Most responses to the questionnaire focused on funding issues, and problems of institutional support, especially limited flexibility in the use of GCRC funds. The survey also showed that 27% of respondents had a CTU or office of clinical research at their institutions providing alternate pathways for clinical research, often driven by the interface with industry, and another 23% had plans to develop CTUs. Fifty percent of the Program Directors favored merger or regionalization of core laboratories of GCRCs.

The Subcommittee made detailed recommendations, listed from (a) to (f) below, on various aspects of the GCRCs, but, at the same time, recognized that there is considerable variability in the modus operandi and scope of the different GCRCs and their relationship to their home institutions.

  1. Users. GCRC users should be a mixture of NIH-supported and non-NIH-supported investigators, with priority for the former. The perception that there is a requirement for GCRC Program Directors and Associate Directors to be NIH-funded should be corrected.

  2. GCRC leadership role. Create an integral leadership role for the GCRCs with clinical research organizations in all patient-oriented research (POR) at academic health centers, particularly in those areas where the GCRCs have a strong track record, including protocol review, biostatistics, review of regulatory compliance, management of scientific and financial information, financial oversight, scientific review and outcomes evaluation.

  3. Programmatic accountability. GCRC activities should be commingled with other POR activities, while maintaining individual programmatic accounting.

  4. Scope of patient-oriented research. Place increased emphasis on outpatient activities in the GCRCs.
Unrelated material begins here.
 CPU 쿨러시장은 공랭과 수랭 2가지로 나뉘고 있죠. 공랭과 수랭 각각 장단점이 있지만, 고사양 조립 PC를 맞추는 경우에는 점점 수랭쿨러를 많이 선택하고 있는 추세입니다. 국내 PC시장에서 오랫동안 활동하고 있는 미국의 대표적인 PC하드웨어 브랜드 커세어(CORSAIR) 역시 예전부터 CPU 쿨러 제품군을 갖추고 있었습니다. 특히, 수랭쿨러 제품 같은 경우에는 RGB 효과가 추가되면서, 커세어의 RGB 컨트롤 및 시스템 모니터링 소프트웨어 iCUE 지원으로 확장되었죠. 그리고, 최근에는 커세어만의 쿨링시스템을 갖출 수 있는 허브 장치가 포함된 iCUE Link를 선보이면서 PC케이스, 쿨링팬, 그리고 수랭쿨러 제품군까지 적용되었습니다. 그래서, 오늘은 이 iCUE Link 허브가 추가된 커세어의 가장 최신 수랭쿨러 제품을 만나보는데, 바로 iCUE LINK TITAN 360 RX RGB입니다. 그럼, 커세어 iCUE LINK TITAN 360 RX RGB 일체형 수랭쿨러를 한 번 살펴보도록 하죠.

  5. GCRC Funding. The Panel considers that the importance of the GCRCs to the national clinical research enterprise, both as infrastructure for the conduct of research and for the education and training of clinical researchers, cannot be overemphasized. It believes that the NIH should increase its financial support for these important centers.
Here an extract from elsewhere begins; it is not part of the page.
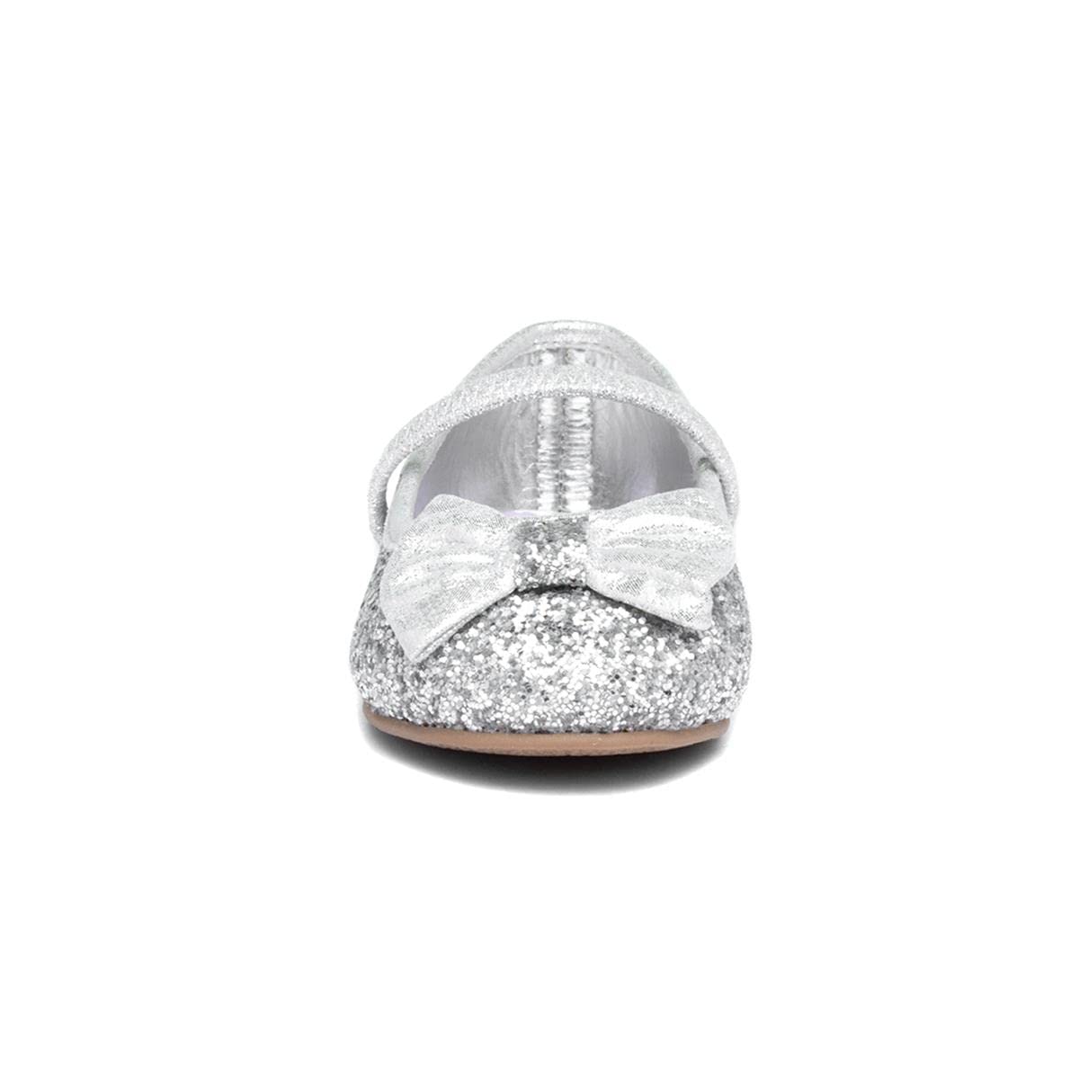 It wouldn't be a party without these girls' ballerinas from Lilley Sparkle. Featuring a silver glitter upper with bow detailing and silver trim, these ballerinas are easy to fit thanks to their slip on fitting. Their elastic strap brings security, while their insole brings comfort. Additionally, their gripped outsole brings stability. For up to 1 years old we would recommend infant size 3-4, 2 year olds a size 5-6, 3 year olds a size 7-8, 4 year olds a size 9-10, 5 year olds a size 10-11, 6 year olds a size 11-12, 7 year olds a size 12-13, 8 or 9 year olds a size 1-2 and 10-11 year olds a junior size 3-4.

  6. Study Section Review of Clinical Research. See Recommendation #2.

Clinical Center

Recommendation #8. The NIH should continue to improve the quality of clinical research and strengthen research management in the Warren Grant Magnuson Clinical Center (CC) and extend the availability of its resources and expertise as well as those of the Institutes and Centers (ICs) to extramural investigators.
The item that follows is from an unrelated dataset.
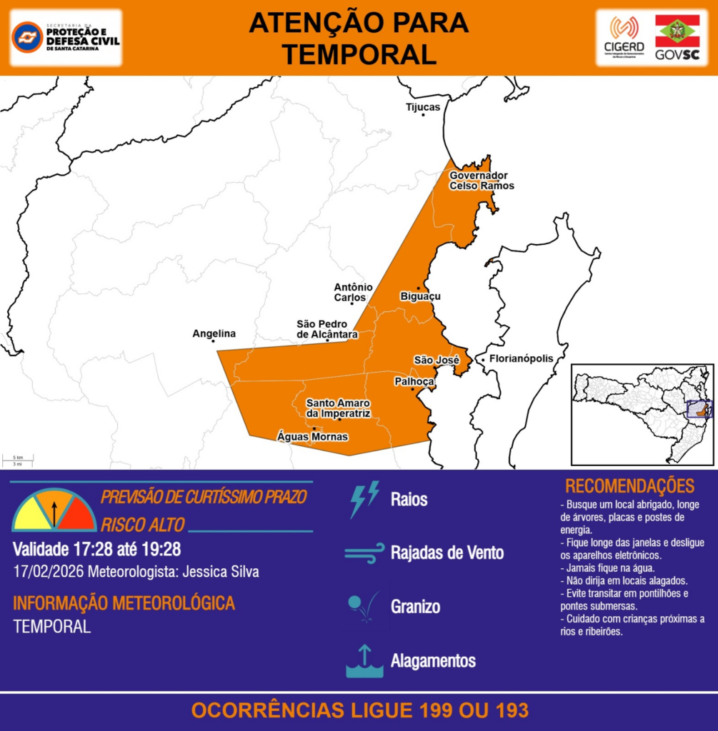 ATENÇÃO – 17/02 17:28 – TEMPORAL com RAIOS, RAJADAS DE VENTO, GRANIZO e ALAGAMENTOS para os municípios de Angelina, Antônio Carlos, Biguaçu, Florianópolis, Governador Celso Ramos, Palhoça, Santo Amaro da Imperatriz, São José, São Pedro de Alcântara, Tijucas e Águas Mornas nas próximas 2 horas. Ocorrências ligue 199 ou 193.

The CC is currently undergoing significant changes in governance and management as recommended in a 1996 report(18) entitled "Revitalizing the NIH Clinical Center for Tomorrow's Challenges", which was being developed when the Subcommittee began work. The Subcommittee has since undertaken its own preliminary review of the CC, with greater emphasis on scientific policy, the quality of clinical research and how collaborations with the extramural community can best be implemented.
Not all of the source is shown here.